Retinoic acid increases the cellular cholesterol predominantly in a mTOR-independent manner

Retinoic acid (RA) plays a role in the mounting immune response and controls several functions of the human body, including cholesterol homeostasis. The synthesis, uptake, and efflux of cellular cholesterol are significantly linked to the mammalian target of rapamycin complex-1 (mTORC1). Activation of mTORC1 promotes the synthesis and uptake of the cholesterol and suppresses its efflux, thus causing accumulation of cellular cholesterol. It is intriguing to know the effect of a high dose of RA on cholesterol accumulation in macrophages (m phi) and whether it is via mTOR activation. It is important to note that the long-term treatment of RA in humans is safe. Therefore, we chose a high dose of RA to observe its effect, which may be implicated in diseases like visceral leishmaniasis, where cholesterol deficiency is established.
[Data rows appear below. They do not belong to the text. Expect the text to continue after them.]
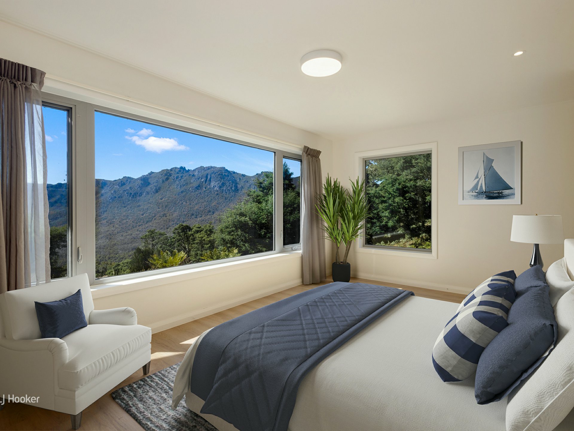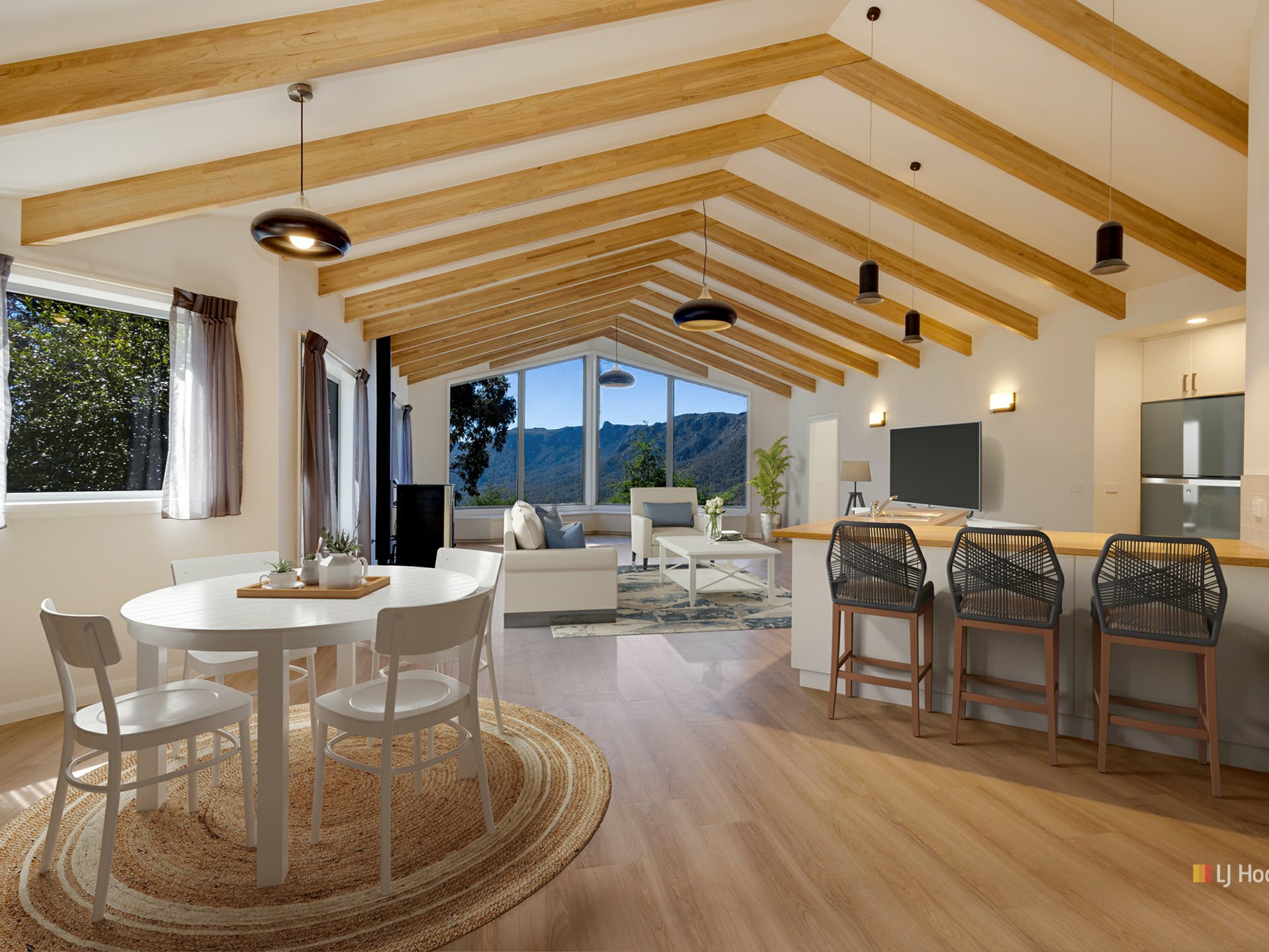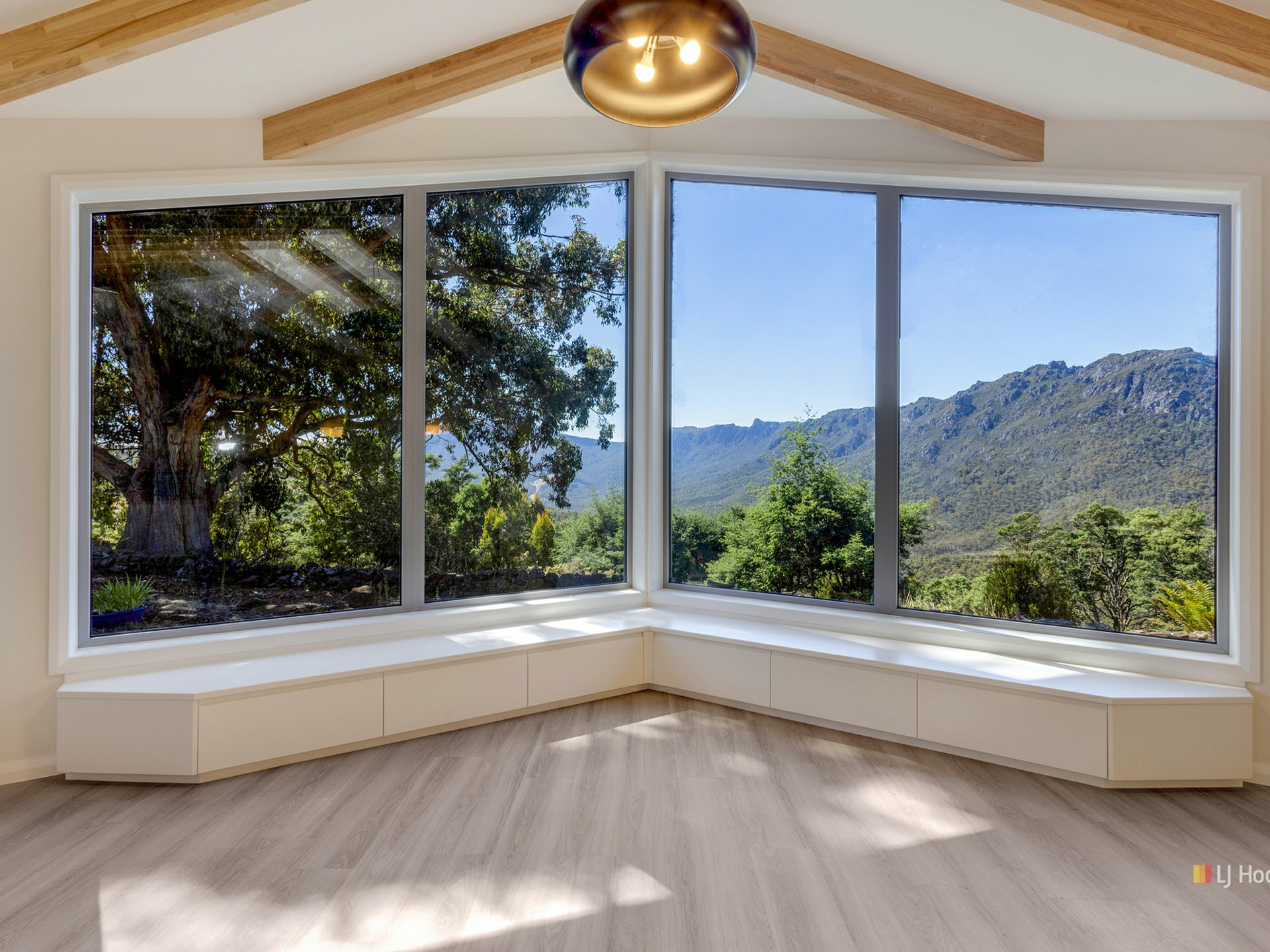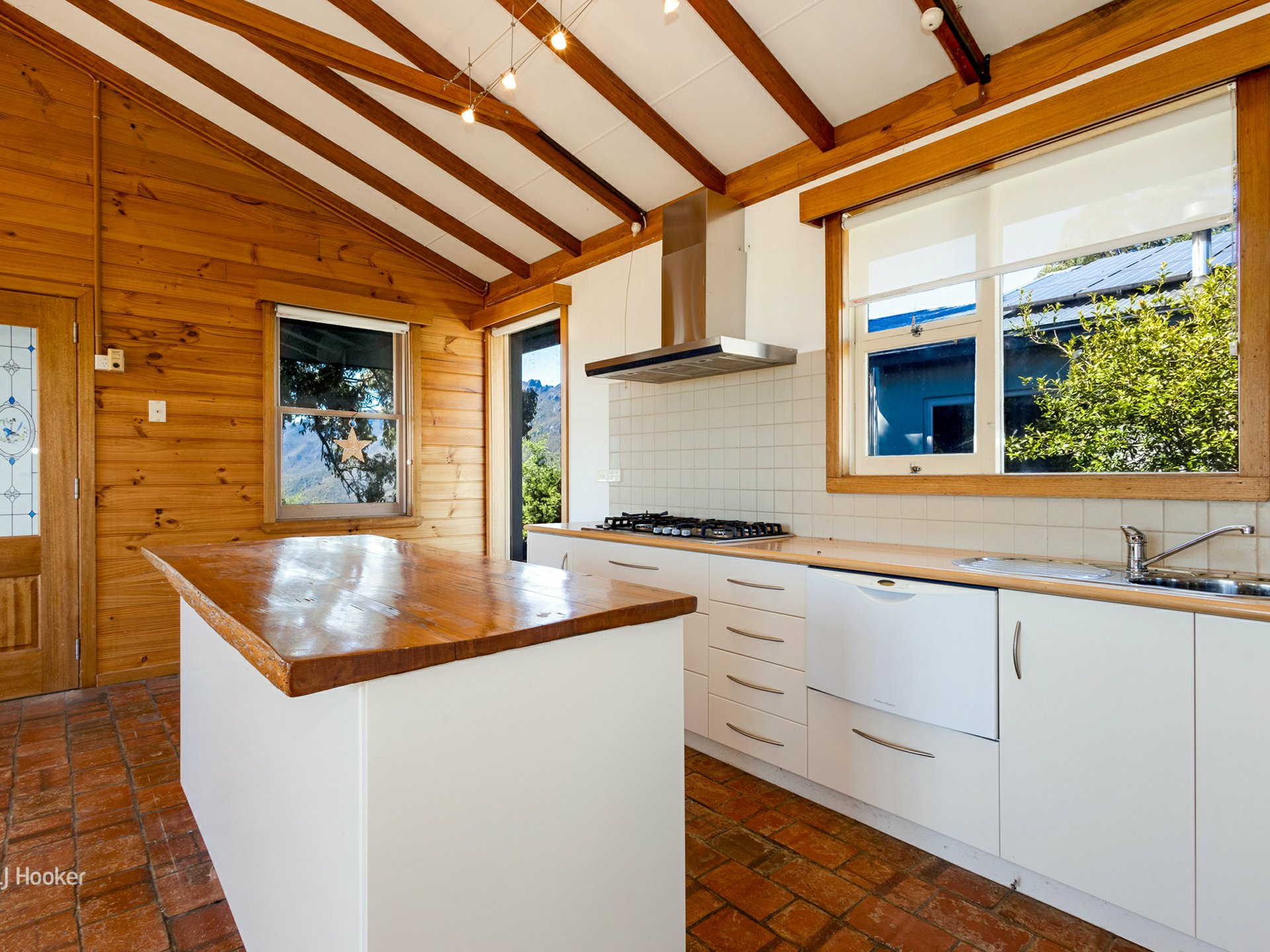 Other features that enhance this property are the exposed wooden beams overhead, a pellet fireplace, underfloor heating, European made triple glazed windows, a solar power system with battery back-up, natural light and a magnificently framed panoramic view of the surrounding Mt Roland, Mt Van Dyke & Mt Claude landscape.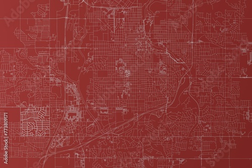 Map of the streets of Sioux Falls (South Dakota, USA) made with white lines on red background. Top view. 3d render, illustration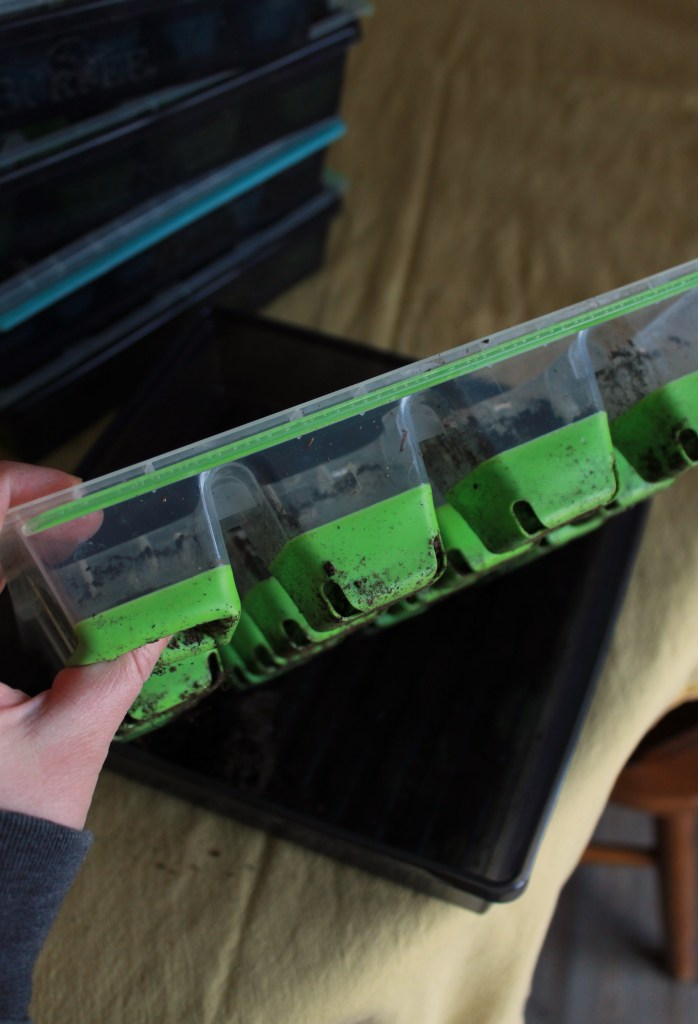 - Fill them with dry dirt first. Then pour water into the bottom tray and allow the dirt to soak up water overnight. I also plug my seed warmer mats in the night before too.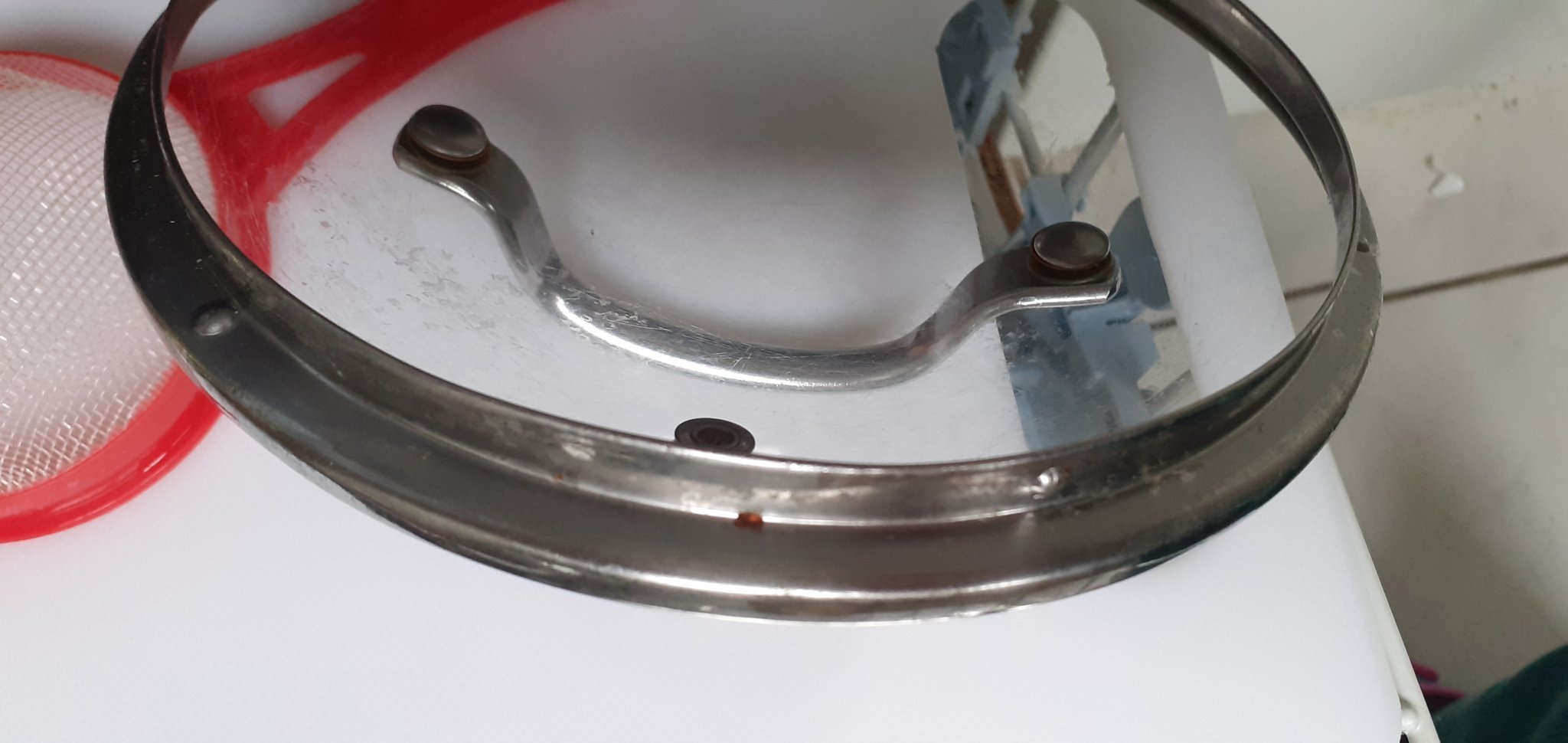 Трето миене на едночасова. Сложих един мой стъклен, мазен капак от тенджерка, в която е пържено дълго. Извадих го с дъга, мека, неразтворена мазнина и петна по неръждаемата стомана: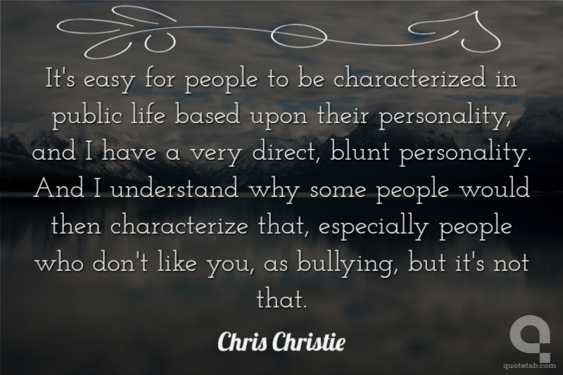 It's easy for people to be characterized in public life based upon their personality, and I have a very direct, blunt personality. And I understand why some people would then characterize that, especially people who don't like you, as bullying, but it's not that. Chris Christie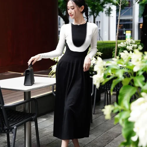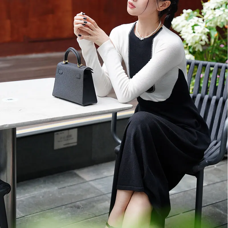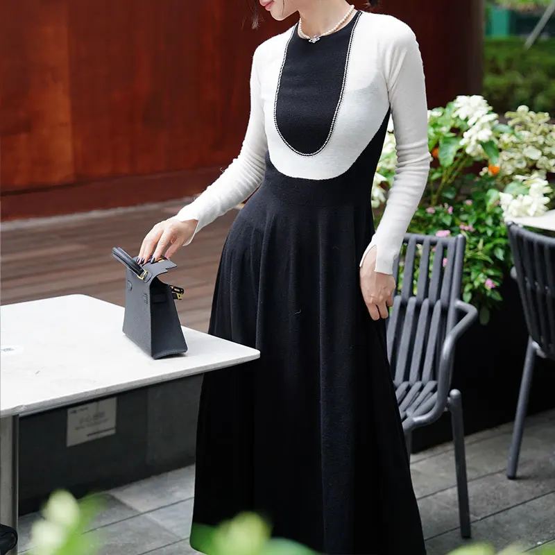 Product Name: Elegant Vintage Dresses for Women Casual Bodycon Style Knitted Weaving Fashion Autumn Maxi Dress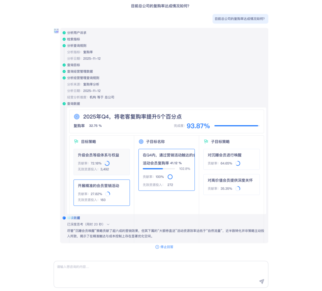 从组织视角看,决策周期从“先排队,再开会”缩短成了“随问随答”,但每一个回答背后,又都有指标体系和归因逻辑做支撑。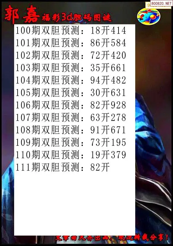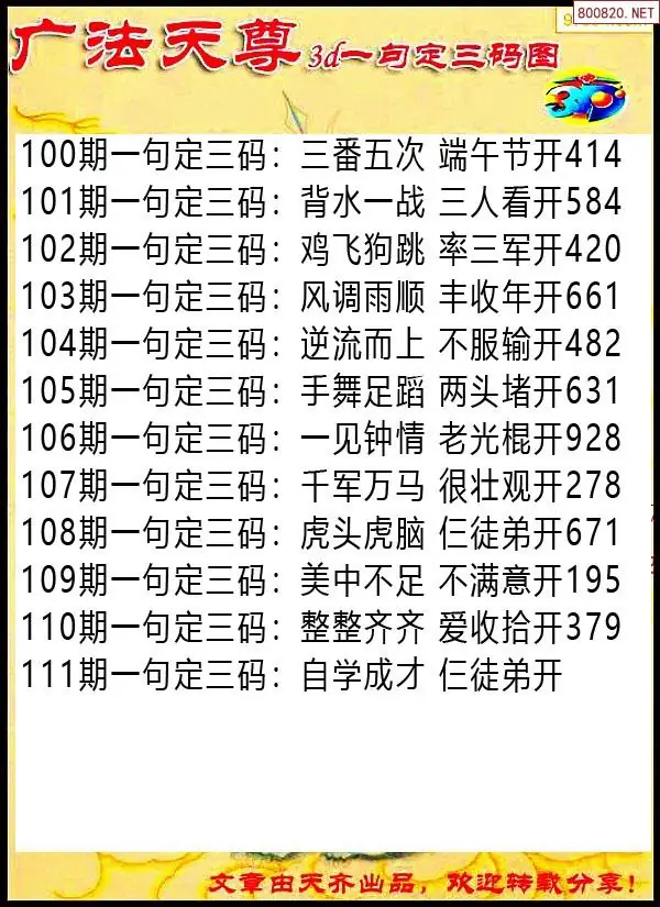 (3)2026111期3D预测总汇全图_福彩3d图谜字谜总汇

In the present study, we found the increased expression of RAPTOR, a regulatory component of the mTORC1 complex, in m phi upon treatment with RA. We observed the increased expression of SREBP2, LDLR, and PCSK9 in RA-treated m phi under sufficient cholesterol conditions, which further increased cellular cholesterol levels. Notably, their expressions were decreased when the mTOR pathway was inhibited by rapamycin. However, treatment with rapamycin did not result in the loss of cellular cholesterol in RA-treated m phi. Comparison with rapamycin-treated m phi suggests that RA induces cellular cholesterol levels in a mTORC1-independent manner.

Automated summary

Retinoic acid (RA) activates mTORC1 complex, promoting cholesterol synthesis and uptake, and suppressing efflux, leading to cellular cholesterol accumulation. Increased expression of SREBP2, LDLR, and PCSK9 is associated with elevated cellular cholesterol levels induced by RA treatment, which is independent of mTORC1 activation.